Required work - Repeat the data in full. Drop every picture.

Input data -
────────────────────

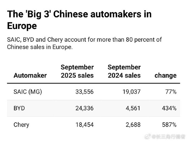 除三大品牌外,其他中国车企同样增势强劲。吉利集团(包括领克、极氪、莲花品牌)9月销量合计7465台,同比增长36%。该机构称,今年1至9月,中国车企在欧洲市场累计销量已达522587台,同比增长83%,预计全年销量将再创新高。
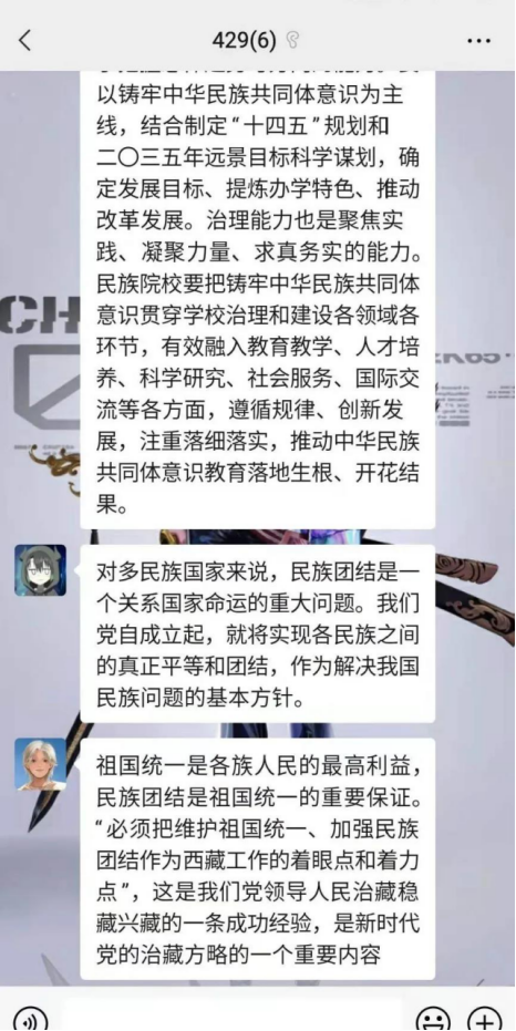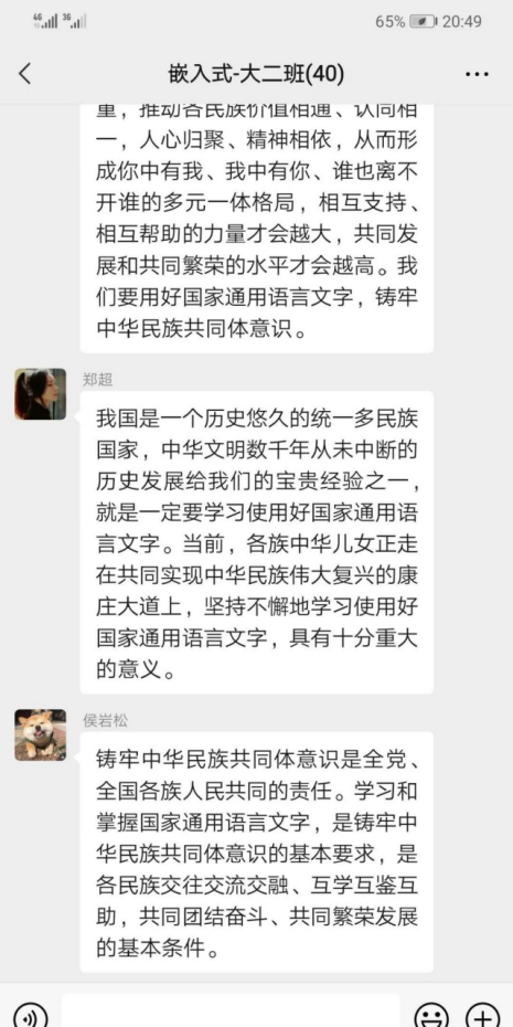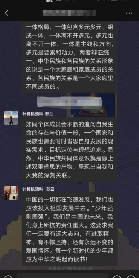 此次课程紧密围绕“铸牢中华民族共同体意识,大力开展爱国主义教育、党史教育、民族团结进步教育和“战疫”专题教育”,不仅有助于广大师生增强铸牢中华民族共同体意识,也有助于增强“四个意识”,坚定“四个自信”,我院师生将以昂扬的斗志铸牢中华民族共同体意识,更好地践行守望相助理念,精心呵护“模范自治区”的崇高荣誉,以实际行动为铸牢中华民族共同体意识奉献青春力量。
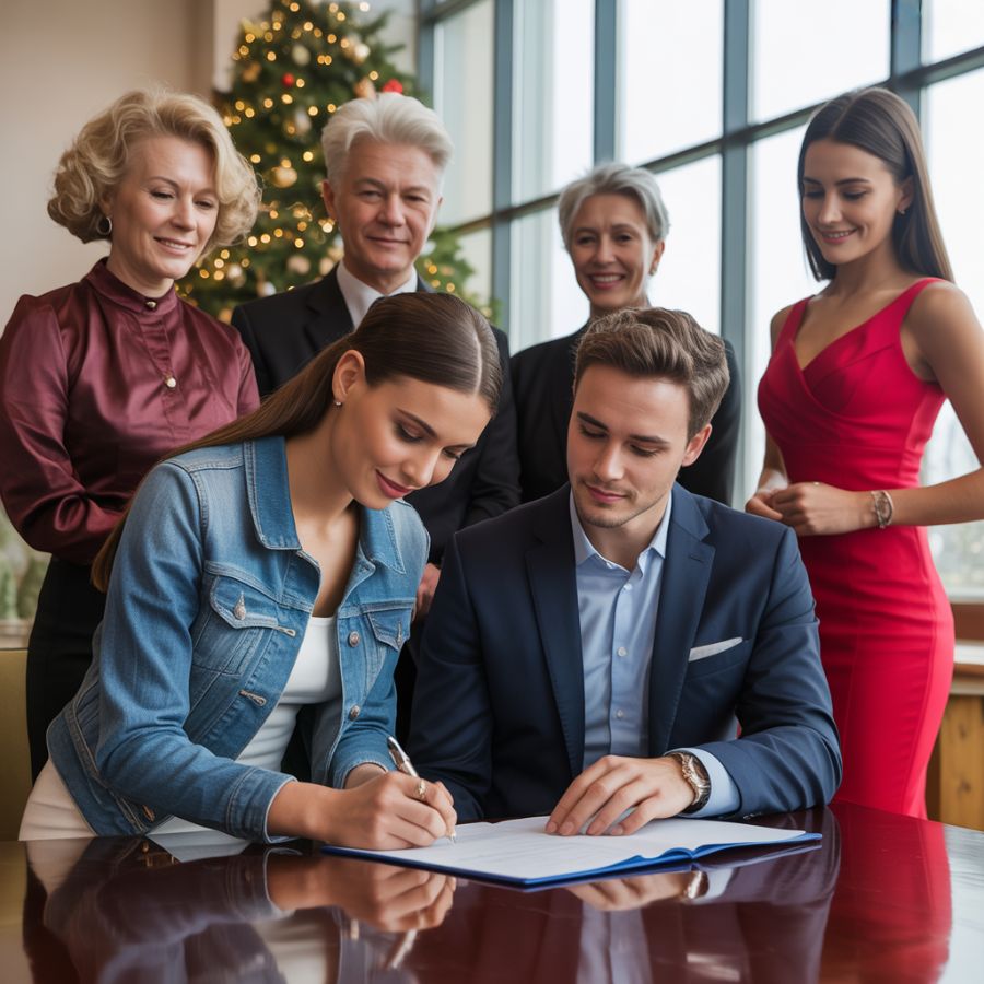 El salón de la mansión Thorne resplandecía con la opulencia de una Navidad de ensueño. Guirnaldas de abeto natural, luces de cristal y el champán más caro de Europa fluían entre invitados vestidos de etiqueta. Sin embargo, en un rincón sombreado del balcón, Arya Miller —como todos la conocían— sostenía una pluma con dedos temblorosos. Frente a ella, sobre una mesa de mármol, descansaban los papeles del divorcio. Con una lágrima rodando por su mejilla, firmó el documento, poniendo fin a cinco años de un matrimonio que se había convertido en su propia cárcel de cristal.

────────────────────

Written response -
 除三大品牌外,其他中国车企同样增势强劲。吉利集团(包括领克、极氪、莲花品牌)9月销量合计7465台,同比增长36%。该机构称,今年1至9月,中国车企在欧洲市场累计销量已达522587台,同比增长83%,预计全年销量将再创新高。
 此次课程紧密围绕“铸牢中华民族共同体意识,大力开展爱国主义教育、党史教育、民族团结进步教育和“战疫”专题教育”,不仅有助于广大师生增强铸牢中华民族共同体意识,也有助于增强“四个意识”,坚定“四个自信”,我院师生将以昂扬的斗志铸牢中华民族共同体意识,更好地践行守望相助理念,精心呵护“模范自治区”的崇高荣誉,以实际行动为铸牢中华民族共同体意识奉献青春力量。
 El salón de la mansión Thorne resplandecía con la opulencia de una Navidad de ensueño. Guirnaldas de abeto natural, luces de cristal y el champán más caro de Europa fluían entre invitados vestidos de etiqueta. Sin embargo, en un rincón sombreado del balcón, Arya Miller —como todos la conocían— sostenía una pluma con dedos temblorosos. Frente a ella, sobre una mesa de mármol, descansaban los papeles del divorcio. Con una lágrima rodando por su mejilla, firmó el documento, poniendo fin a cinco años de un matrimonio que se había convertido en su propia cárcel de cristal.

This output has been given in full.